1. Why Query Rewriting
Stardog Reasoners
1. Blackout Reasoner
2. Stride Reasoner (Alpha)
Query Answering with Reasoning
Reasoning Schemas
Chapter Contents

Overview

In this chapter we describe how to use Stardog’s reasoning capabilities; we address some common problems and known issues. We also describe Stardog’s approach to query answering with reasoning in some detail, as well as a set of guidelines that contribute to efficient query answering with reasoning. Throughout this chapter the terms reasoning and inference are used interchangeably to mean the same capability; that is, the ability to infer implicit knowledge from explicit data. Similarly reasoner and inference engine are used interchangeably to refer to the Stardog component that implements this capability.

Stardog performs reasoning in a lazy and late-binding fashion: it does not materialize inferences; but, rather, reasoning is performed at query time. This means inferences are visible in query results but they are not explicitly stored within the Stardog database which is how Stardog can do reasoning over virtual graphs. We start with a high-level introduction to reasoning with some examples and explain the details of query time reasoning and how to use reasoning for queries.

What is reasoning?

At the very basic level, reasoning is the process of inferring new types and relationships from existing data given a schema. A schema, sometimes called a “data model”, “ontology”, or “TBox”, is set of RDFS or OWL axioms plus user-defined rules. Schema contains the information for the reasoner to compute inferences. As a result, queries with reasoning will return additional results compared to queries that do no use reasoning.

Let’s start with the following simple example where we define a class Person and its two subclasses Employee and Customer in our schema. We also have our instance data where we see one instance for each subclass.

:Person a owl:Class .
:Customer a owl:Class ;
   rdfs:subClassOf :Person .
:Employee a owl:Class ;
   rdfs:subClassOf :Person .
   
:Alice a :Employee .
:Bob a :Customer .

The following query retrieves all Person instances:

SELECT ?person {
   ?person a :Person
}

This query would return no results by default since there are no explicit type triples in the data. But enabling reasoning for this query will return the results:

person
:Alice
:Bob

The following example shows a user-defined rule to infer :coworker relationship between two people if they work for the same organization:

IF {
   ?person1 :worksFor ?organization .
   ?person2 :worksFor ?organization .
   FILTER (?person1 != ?person2)
}
THEN {
   ?person1 :coworker ?person2 .
}
   
:Alice :worksFor :ACME .
:Charlie :worksFor :ACME .

If we enable reasoning we can execute any of the following queries

SELECT ?person { ?person :coworker :Alice }
SELECT ?person { :Alice :coworker ?person }
SELECT ?person ?coworker { ?person :coworker ?coworker }

and get Alice and Charlie as coworkers in the results.

How does reasoning work?

Stardog computes inferences as needed, on-the-fly using a query rewriting approach: Stardog rewrites the user’s query with respect to a schema, and then executes the resulting expanded query against the data in the normal way. This process is completely automated and requires no intervention from the user.

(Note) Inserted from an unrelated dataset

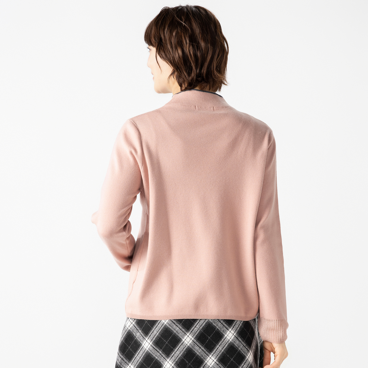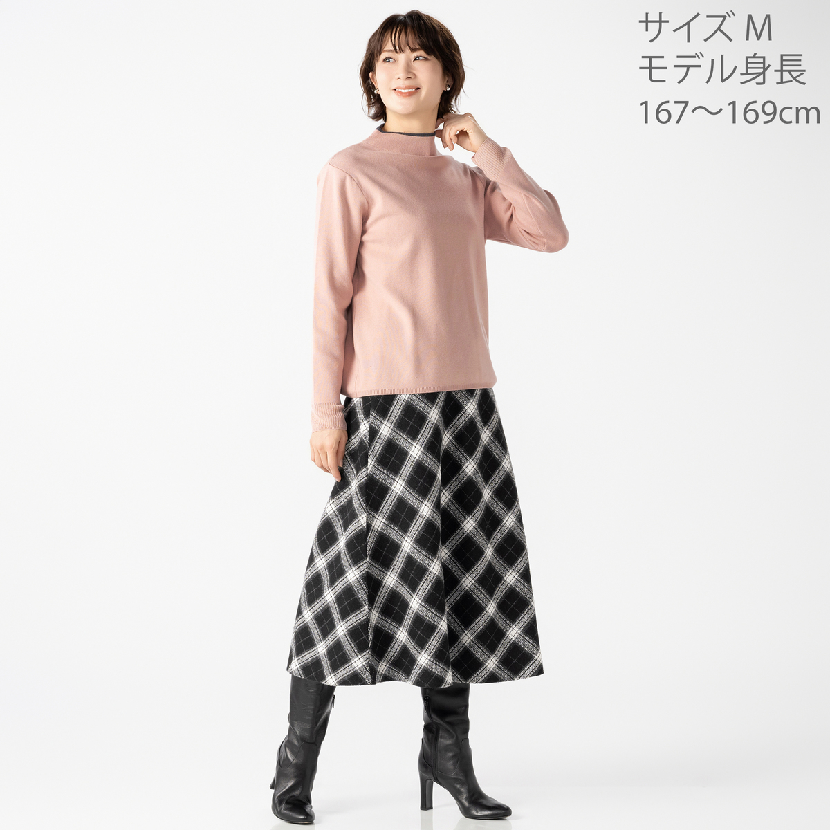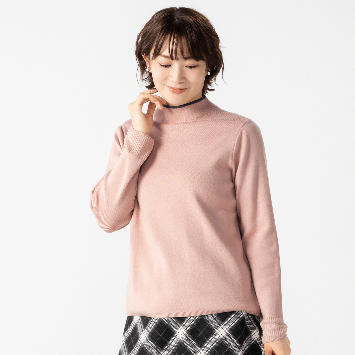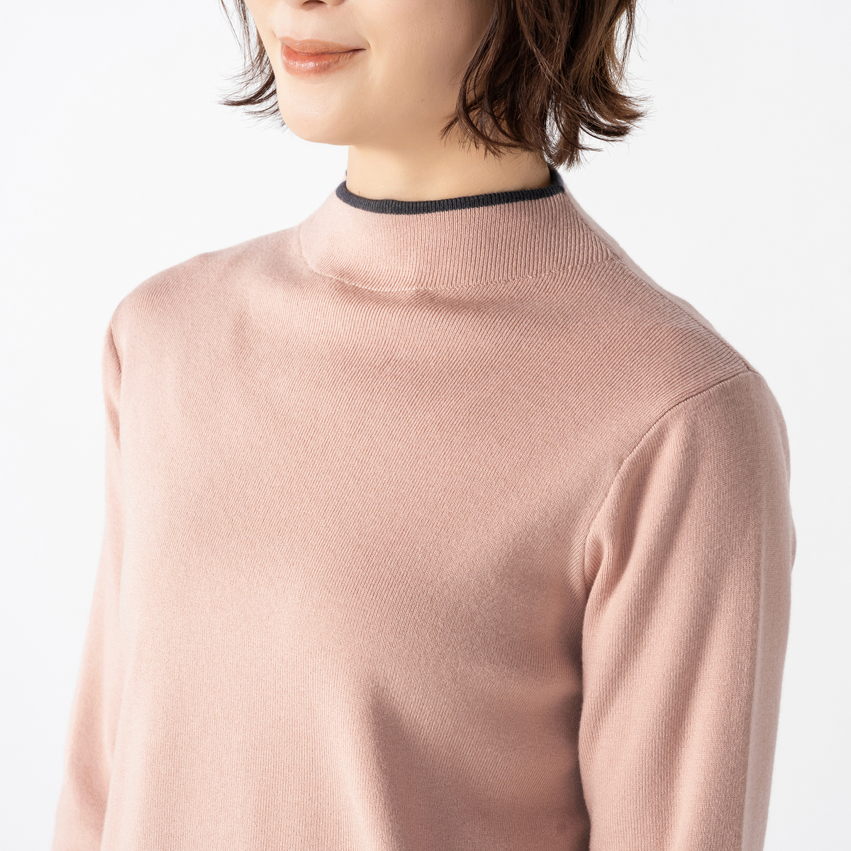 シンプルなボトルネックニットを、肌触りがよくもちっとしたなめらか素材で仕上げました。さりげないシースルーな袖口が、華やかな印象と上品さをプラスしてくれます

If we consider the example schema above, the input query

SELECT ?person {
   ?person a :Person
}

would be rewritten to a query equivalent to

SELECT DISTINCT ?person {
    { ?person a :Person } UNION
    { ?person a :Customer } UNION
    { ?person a :Employee }
}

There are various optimizations involved in the query rewriting process that would simplify the rewritten query. For example, it is very common that some classes will have no explicit instances in the data (think about abstract super classes). In our very simple dataset above there are no instance with explicit Person type. The reasoner will detect these cases and in this example not include the pattern ?person a :Person in the expanded query.

The expanded queries created by Stardog are not directly expressed in SPARQL syntax but you can see the effect of reasoning in the query plans. The query plan for the aboce example would look like this:

Distinct [#2]
`─ Projection(?person) [#2]
   `─ Union [#2]
      +─ Scan[POSC](?person, rdf:type, :Customer) [#1]
      `─ Scan[POSC](?person, rdf:type, :Employee) [#1]

Reasoning in Stardog is primarily founded in the Datalog formalism. RDFS and OWL axioms along with user-defined rules are (basically) Datalog rules over a graph. Stardog will translate the schemas into an internal Datalog representation and perform the query rewriting process.

Why Query Rewriting

Query rewriting has several advantages over materialization. The query rewiting approach allows for maximum flexibility while maintaining excellent performance; you only pay for the reasoning that you use; no more and no less. In materialization, on the other hand, the data gets expanded with respect to the schema, not with respect to any actual query. And it’s the data–all of the data–that gets expanded, whether any actual query subsequently requires reasoning or not. The schema is used to generate new triples, typically when data is added or removed from the system. However, materialization introduces several thorny issues:

data freshness. Materialization has to be performed every time the data or the schema change. This is particularly unsuitable for applications where the data changes frequently or data is stored externally and accessed via a virtualization layer.
data size. Depending on the schema, materialization can significantly increase the size of the data, sometimes dramatically so. The cost of this data size blowup may be applied to every query in terms of increased I/O.
fixed schema. Materialization is computed based on a fixed schema. If there are different applications that require difference kind of inference rules there will not be a flexibility to swtich between different schemas.
resources. Depending on the size of the original data and the complexity of the schema, materialization may be computationally expensive. And truth maintenance, which materialization requires, is always computationally expensive especially after deletions.

Stardog Reasoners

As of version 9.0 Stardog comes with two different reasoner implementations both providing query time reasoning capability with some differences:

Blackout is the more mature reasoner implementation that supports more of the RDFS and OWL specifications but has limitations with respect to user-defined rules.
Stride (alpha) is the next generation reasoner implementation that supports more expressive user-defined rules including negation and aggregation but a smaller subset of RDFS and OWL.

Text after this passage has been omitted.